От ответа Настю избавил отец, дверь в её комнату открыл, видимо, привлечённый шумом, Сашку увидел, вначале слегка нахмурился, соображая, как тот в комнату его дочери попал, а когда догадался, хмыкнул. Взглядом их посверлил, и дверь закрыл.

— Зачем ты в окно полез? — спросила Настя.

Саша плечами пожал.

— Не знаю, подумал, что это… романтично.

Романтично? Запомнить день, когда Аверин произнёс это слово вслух, обязательно.

— Насть, я соскучился. — Он подошёл к ней сзади и обнял, уткнулся носом в её шею. Он так привычно навалился на неё, задышал горячо, руками обхватил, а Насте неожиданно стало не по себе. Она этого не ждала. Почему-то. Почему не ждала? Раз они две недели говорили по телефону, а это ведь что-то да значит. Позволила себя поцеловать в щёку, потом осторожно вывернулась из его рук. Взяла с полки вазу.

— Пойду воды налью. Тебя покормить?

— Нет, меня мать накормила.

— Значит, не бегом ко мне кинулся, в окно карабкаться. Это хорошо, голова ещё на месте.

Он усмехнулся.

— Ну… да, для начала основательно подкрепился.

Когда Настя в комнату вернулась, Сашка уже сидел на диване, на подлокотник навалился и оглядывался с видимым удовольствием. А Солнцева совершенно некстати вспомнила, что они с Маркеловым… на этом самом диване… С Сашкой ни разу у неё дома любовью не занимались, Насте всегда неловко было, а вот Маркелова пустила в святая святых.

Зачем она об этом думает?

— Говорят, вы с Ольгой снова разругались.

Настя посмотрела на него.

— Да? И кто говорит? Хотя… о чём я спрашиваю?

Аверин усмехнулся.

— Значит, она тогда на самом деле наболтала?
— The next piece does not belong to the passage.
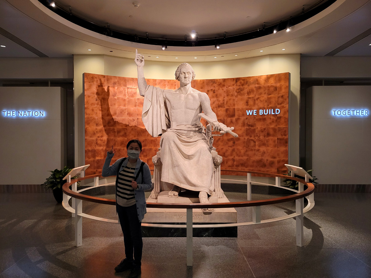 2층 서쪽 전시실들의 입구에는 로마의 신과 같은 복장으로 하늘을 향해 똥침을 찌르는 분이 계신데, 바로 미국의 초대 대통령인 조지워싱턴이다. George Washington Sculpture는 1840년에 만들어져서 처음에는 국회의사당 중앙홀에 설치되었다가 야외로 옮겨졌고, 1908년 이후로는 스미소니언 박물관 내에서 전시를 하고 있다.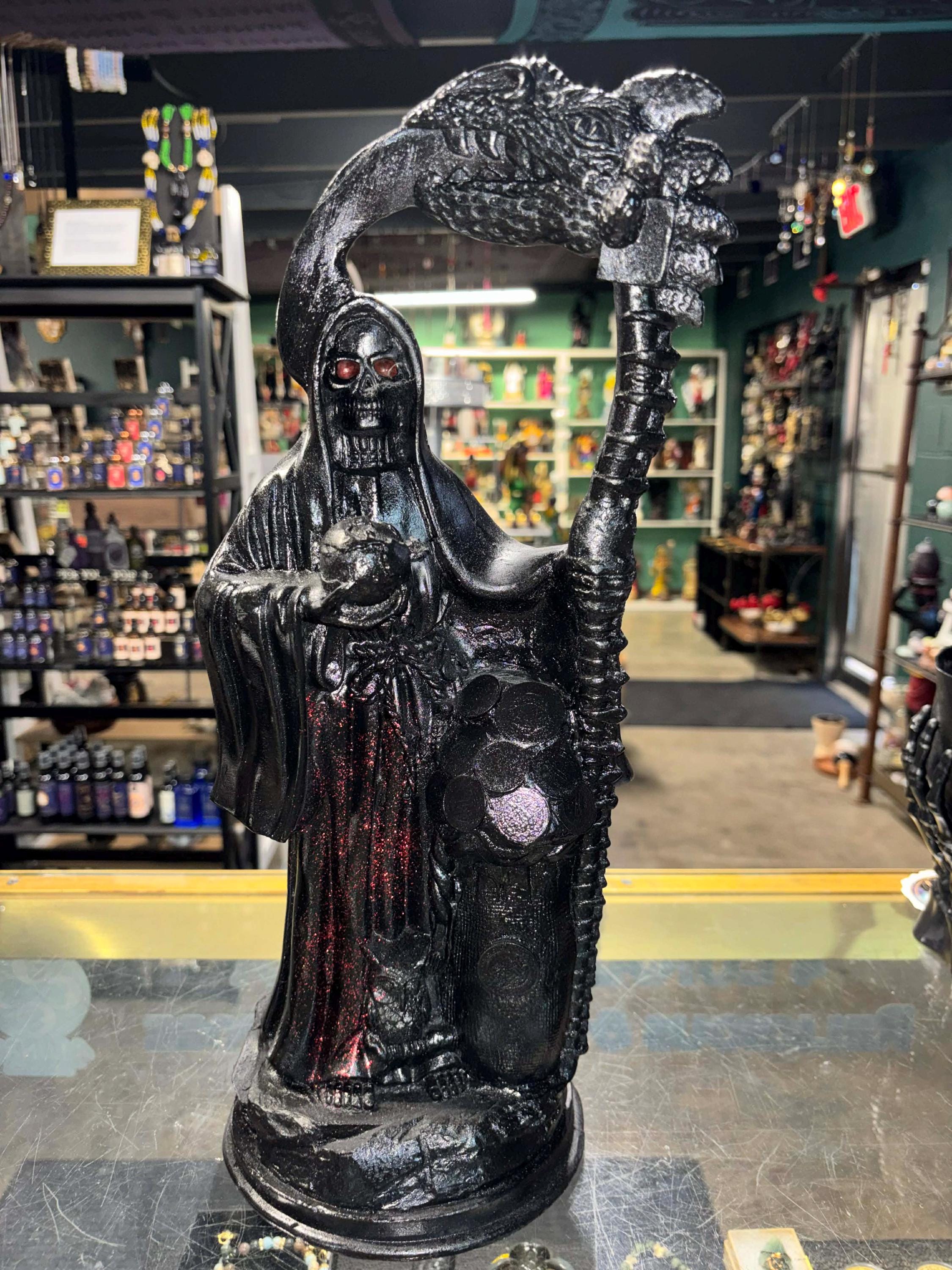 Detailed with a dragon head scythe, skull imagery, and dark finish, this statue carries a bold and commanding presence. The globe represents control over one’s path, while the scythe is used to cut through negativity, enemies, and spiritual blockages.

У Насти вырвался усталый вздох.

— Ты только сейчас об этом задумался? А две недели назад тогда зачем ко мне пришёл?

Он глаза опустил.

— Во-первых, я тогда уже знал. Догадывался. А во-вторых, я же сказал… Я тебя люблю. Не могу я без тебя. И когда ты на меня обижаешься, мне спокойно не живется. Поцелуй меня, а?

Настя глянула на него через плечо, улыбнулась, но целовать не стала. Сашка голову на спинку дивана откинул, выглядел страдающим.

— Всё ещё злишься на меня?

— А сам как думаешь?

— Думаю, что нужно было Маркелова в бараний рог скрутить, причём сразу, как только он ту песню допел. Чтоб неповадно было.

— Какую песню, Саш?

— А ты не помнишь? Как он для тебя пел, а все остальные смотрели и посмеивались.

— Не выдумывай, никто не понял.

— Ой, Насть, ты иногда такой наивной бываешь, просто что-то. Да мне в тот же вечер парни сказали, что этот москвич на тебя глаз положил.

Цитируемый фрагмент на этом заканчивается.